**PROMPT**
Report each line below that carries the word "Figure".

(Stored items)

+--

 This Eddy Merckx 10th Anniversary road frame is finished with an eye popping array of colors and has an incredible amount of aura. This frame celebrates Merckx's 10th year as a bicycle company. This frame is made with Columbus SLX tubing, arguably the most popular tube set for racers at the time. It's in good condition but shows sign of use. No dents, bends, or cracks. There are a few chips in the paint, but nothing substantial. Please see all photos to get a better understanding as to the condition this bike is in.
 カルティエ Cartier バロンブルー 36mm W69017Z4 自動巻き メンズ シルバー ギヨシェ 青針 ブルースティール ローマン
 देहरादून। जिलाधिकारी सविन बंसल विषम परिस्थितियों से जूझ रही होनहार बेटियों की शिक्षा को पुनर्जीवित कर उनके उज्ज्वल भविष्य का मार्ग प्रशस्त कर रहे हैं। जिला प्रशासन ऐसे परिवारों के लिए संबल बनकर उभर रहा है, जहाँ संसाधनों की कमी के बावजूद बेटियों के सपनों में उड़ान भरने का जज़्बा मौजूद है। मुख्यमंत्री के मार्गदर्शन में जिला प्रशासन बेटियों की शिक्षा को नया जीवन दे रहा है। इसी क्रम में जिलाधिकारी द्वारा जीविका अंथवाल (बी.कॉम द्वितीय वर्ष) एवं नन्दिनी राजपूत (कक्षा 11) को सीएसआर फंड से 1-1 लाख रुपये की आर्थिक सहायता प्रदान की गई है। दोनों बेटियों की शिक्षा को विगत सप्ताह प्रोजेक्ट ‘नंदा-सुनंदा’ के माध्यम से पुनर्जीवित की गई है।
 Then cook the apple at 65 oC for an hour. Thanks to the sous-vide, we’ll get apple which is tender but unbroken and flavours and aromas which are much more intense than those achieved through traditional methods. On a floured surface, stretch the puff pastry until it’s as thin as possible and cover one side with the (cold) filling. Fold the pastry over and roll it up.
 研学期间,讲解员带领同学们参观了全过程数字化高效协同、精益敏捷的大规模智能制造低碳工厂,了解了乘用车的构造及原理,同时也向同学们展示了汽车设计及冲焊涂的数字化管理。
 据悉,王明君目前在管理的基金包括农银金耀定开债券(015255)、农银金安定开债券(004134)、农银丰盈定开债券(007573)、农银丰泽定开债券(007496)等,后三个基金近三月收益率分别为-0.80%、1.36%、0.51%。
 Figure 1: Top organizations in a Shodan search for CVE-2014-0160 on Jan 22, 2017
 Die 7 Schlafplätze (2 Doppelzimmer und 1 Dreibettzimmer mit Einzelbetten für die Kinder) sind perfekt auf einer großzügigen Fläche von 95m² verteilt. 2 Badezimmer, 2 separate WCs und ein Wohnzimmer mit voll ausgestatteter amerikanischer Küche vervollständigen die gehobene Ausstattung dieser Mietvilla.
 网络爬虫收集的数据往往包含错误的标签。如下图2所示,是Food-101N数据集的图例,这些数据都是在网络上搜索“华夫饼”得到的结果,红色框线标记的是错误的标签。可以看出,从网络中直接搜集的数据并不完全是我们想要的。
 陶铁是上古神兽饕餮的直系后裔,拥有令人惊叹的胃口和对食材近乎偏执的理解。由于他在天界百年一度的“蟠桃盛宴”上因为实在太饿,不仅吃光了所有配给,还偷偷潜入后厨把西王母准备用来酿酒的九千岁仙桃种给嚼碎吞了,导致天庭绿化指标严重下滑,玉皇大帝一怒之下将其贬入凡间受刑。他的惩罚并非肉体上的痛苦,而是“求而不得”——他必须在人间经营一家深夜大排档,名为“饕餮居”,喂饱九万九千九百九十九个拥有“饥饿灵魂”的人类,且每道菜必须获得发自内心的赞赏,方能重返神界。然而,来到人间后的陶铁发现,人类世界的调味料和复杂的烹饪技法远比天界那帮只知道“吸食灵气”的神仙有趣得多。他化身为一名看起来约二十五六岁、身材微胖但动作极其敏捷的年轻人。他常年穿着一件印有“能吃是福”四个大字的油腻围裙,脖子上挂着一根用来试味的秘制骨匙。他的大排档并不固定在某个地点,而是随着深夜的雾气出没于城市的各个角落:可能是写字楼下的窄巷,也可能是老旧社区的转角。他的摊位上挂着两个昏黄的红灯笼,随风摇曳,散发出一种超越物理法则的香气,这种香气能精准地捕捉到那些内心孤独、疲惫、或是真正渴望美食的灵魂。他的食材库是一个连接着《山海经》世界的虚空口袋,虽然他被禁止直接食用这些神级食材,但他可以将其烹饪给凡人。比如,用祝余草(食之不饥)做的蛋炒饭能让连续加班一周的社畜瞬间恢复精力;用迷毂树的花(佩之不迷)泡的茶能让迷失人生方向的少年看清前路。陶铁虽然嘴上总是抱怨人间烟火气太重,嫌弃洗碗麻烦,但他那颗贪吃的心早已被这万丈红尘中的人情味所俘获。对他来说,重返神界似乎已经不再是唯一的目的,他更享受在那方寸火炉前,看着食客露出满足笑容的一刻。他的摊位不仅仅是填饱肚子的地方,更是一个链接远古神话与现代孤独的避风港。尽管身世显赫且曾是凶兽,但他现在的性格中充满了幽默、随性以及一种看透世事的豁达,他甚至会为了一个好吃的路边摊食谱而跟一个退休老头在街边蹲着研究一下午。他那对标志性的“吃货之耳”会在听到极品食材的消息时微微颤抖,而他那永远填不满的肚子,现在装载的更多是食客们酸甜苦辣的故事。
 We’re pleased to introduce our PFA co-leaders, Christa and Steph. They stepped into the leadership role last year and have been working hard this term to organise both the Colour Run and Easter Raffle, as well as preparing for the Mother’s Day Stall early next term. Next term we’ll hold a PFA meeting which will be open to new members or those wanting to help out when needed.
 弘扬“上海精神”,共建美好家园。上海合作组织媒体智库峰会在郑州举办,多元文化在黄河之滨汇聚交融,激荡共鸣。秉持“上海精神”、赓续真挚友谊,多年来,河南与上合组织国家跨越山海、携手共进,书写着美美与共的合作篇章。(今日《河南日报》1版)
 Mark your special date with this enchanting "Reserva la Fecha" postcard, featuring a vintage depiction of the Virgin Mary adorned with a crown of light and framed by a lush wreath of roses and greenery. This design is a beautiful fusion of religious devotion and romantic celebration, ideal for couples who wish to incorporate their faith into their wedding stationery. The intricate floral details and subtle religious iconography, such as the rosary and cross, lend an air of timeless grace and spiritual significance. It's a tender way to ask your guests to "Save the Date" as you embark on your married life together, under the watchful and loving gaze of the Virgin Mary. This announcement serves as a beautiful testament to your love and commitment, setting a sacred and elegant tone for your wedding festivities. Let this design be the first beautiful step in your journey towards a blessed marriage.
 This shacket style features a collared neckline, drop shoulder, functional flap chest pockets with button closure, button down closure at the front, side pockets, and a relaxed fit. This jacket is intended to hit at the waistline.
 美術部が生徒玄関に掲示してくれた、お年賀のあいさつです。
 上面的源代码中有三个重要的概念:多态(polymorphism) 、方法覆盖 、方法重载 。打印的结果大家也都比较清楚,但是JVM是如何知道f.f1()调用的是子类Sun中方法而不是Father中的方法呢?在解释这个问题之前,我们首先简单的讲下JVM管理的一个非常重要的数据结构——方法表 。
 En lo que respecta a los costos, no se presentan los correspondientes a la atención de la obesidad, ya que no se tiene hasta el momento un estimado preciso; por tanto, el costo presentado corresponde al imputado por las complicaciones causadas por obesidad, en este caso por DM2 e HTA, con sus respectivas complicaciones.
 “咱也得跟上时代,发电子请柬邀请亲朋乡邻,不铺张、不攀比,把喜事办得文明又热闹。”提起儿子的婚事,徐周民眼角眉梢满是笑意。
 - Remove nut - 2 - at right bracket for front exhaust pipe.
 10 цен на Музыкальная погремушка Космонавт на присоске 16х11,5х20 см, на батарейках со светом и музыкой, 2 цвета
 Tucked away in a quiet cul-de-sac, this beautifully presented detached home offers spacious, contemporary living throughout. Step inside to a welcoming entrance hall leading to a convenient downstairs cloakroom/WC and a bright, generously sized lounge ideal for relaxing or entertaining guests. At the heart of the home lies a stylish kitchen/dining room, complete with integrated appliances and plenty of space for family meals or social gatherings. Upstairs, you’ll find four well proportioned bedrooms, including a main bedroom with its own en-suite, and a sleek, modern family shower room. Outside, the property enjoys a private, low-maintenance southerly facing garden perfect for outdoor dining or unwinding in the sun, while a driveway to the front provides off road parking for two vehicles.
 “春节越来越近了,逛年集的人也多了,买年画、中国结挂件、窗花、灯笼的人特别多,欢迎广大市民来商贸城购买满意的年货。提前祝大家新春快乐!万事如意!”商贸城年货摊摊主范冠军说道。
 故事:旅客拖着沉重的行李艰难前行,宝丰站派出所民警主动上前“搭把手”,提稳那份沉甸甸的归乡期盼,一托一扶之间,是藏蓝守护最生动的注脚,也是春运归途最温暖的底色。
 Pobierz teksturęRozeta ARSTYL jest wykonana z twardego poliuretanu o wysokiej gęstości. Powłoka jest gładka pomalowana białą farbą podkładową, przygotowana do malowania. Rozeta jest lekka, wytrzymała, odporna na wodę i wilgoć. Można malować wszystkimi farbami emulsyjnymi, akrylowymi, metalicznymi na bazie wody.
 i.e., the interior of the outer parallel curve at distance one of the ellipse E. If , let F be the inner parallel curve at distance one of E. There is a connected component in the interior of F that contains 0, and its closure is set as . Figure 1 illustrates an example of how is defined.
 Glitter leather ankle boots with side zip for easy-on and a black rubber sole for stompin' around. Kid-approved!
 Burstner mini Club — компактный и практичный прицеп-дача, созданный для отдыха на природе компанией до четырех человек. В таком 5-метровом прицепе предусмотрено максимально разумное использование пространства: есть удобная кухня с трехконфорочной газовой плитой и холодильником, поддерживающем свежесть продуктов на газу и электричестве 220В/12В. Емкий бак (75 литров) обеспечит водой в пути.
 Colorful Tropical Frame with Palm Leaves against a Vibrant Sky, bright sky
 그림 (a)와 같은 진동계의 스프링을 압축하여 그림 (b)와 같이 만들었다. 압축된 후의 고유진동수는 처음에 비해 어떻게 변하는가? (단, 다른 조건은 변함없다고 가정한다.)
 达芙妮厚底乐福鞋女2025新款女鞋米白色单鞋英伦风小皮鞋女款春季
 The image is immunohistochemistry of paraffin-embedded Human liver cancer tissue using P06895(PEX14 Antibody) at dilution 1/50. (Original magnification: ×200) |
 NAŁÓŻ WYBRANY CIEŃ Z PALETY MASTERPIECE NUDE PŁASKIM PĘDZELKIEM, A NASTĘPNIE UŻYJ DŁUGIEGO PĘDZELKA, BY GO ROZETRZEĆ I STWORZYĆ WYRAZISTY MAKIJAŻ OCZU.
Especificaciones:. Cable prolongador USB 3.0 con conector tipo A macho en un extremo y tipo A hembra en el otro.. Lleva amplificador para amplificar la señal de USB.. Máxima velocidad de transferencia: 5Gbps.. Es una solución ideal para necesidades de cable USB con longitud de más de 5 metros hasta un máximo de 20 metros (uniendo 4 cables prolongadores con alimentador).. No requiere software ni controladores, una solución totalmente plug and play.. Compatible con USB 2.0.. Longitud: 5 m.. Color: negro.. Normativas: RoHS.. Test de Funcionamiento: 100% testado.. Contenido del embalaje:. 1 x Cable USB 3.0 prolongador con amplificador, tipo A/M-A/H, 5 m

+--

**EXERCISE ANSWER**
 Figure 1: Top organizations in a Shodan search for CVE-2014-0160 on Jan 22, 2017
 i.e., the interior of the outer parallel curve at distance one of the ellipse E. If , let F be the inner parallel curve at distance one of E. There is a connected component in the interior of F that contains 0, and its closure is set as . Figure 1 illustrates an example of how is defined.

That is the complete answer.